In the case of peak oil, this event will happen only once in the whole history of our planet. So, getting that right and investing in energies could be very profitable if energy prices continue to rise, which it seems they eventually will do. In energy investing, I want to own energies: ones that we use now and which I think we will continue to use and which will become more and more expensive as supplies tend to dwindle down in future times. So, that means, I like crude oil, natural gas, coal and uranium. I also want to be invested in companies that are involved in alternative energies. This could be in the form of companies that construct energy efficient equipment, alternative energy suppliers or manufacturers of wind turbines etc. In energy investing, I also want to invest in transportation companies that I think will do well when or if energy prices rise very high again which I think they will. Transportation companies that I think will do well in this environment are rail companies and companies that do work within this somewhat smallish industry.

Then, I like to invest in gold, silver and presently even a little bit in industrial metals. In gold and silver stocks, I want to own some large miners, some middle, some juniors, some exploration companies and some drillers. I also want to own physical gold and silver and I want to keep some shares in the etfs.

Furthermore, if I think that something gets oversold, say natural gas, then I will want to focus capital in that area. Now seems like a good time to be investing in natural gas (commodity). So, now, I want to buy as much of that as I can because it is so cheap relatively speaking. There are other stocks or commodities that get bought when prices fall as well.
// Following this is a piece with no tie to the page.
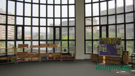 音樂館所有的樂器全擺放在教室周圍,隨時可依需求使用。本校加班最多的人員便是藝文科教師,因為活動很多,均要假日帶學生製作海報、道具、裝扮等。
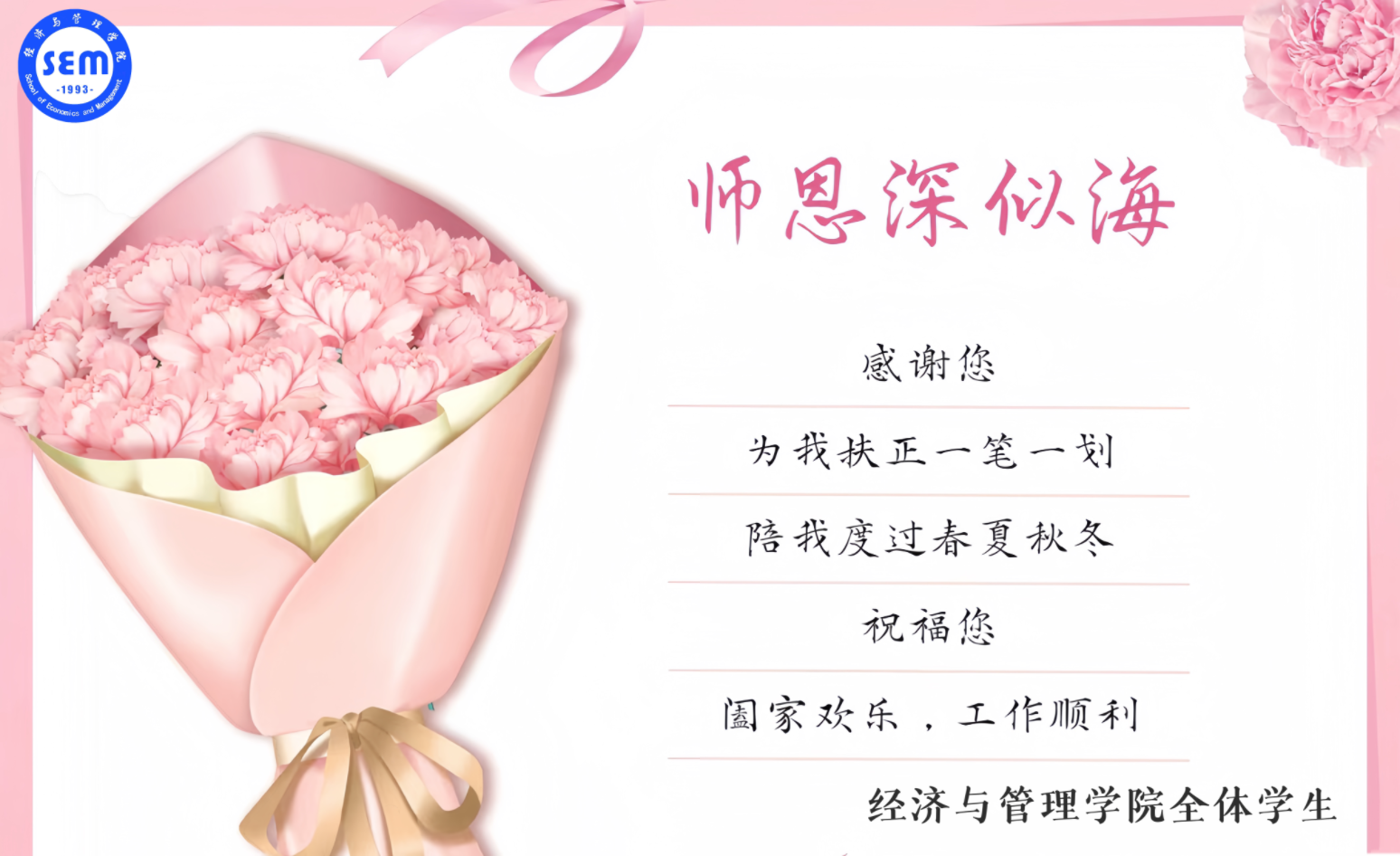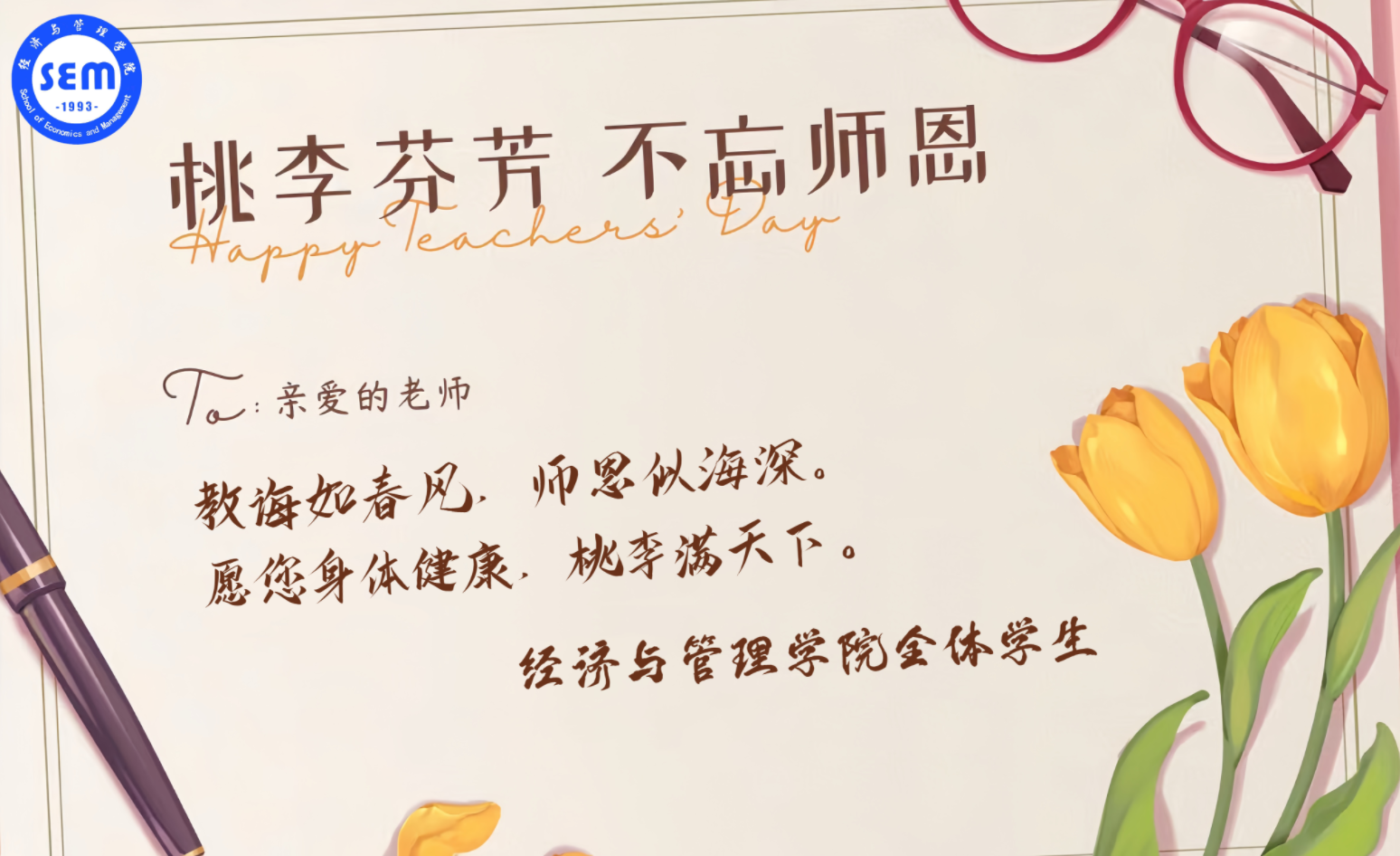 今天,金年会诚信信誉至上全体学生向您致以最热烈的教师节祝福。第39个教师节,这是属于您的节日,一个值得我们所有人感恩和纪念的日子。在这个特殊的日子里,我们想对您说一声:老师,您辛苦了!

I am not the type of person who puts all of his eggs into one basket. I never was and I never will be. I have identified the areas that I think are important and I wish to safely diversify within those areas and when low prices come along I want to buy more then walk away and wait. When prices rise back again then I wish to sell and look for more sales. This is how I am a sniper yet how I use diversification to limit some of the downside risk. I am a believer in commodities, gold and silver and commodities stocks. I think that gold and silver are almost sacred substances. Their usage as real money is one of the primary means by which governments have ultimately been financially held accountable and by which inflation has been held in check. I wish that I could simply find one stock or several stocks and say that I felt safe putting my money only in one or several of them but I can't. I want broad diversification, but also, when the time is right, I want to put the petal to the metal and buy, buy, buy certain things when their prices hit super lows. It is a bit of a mixed bag approach. That's what I am comfortable with and that is how I like to invest. Thank you for listening to how I like to invest.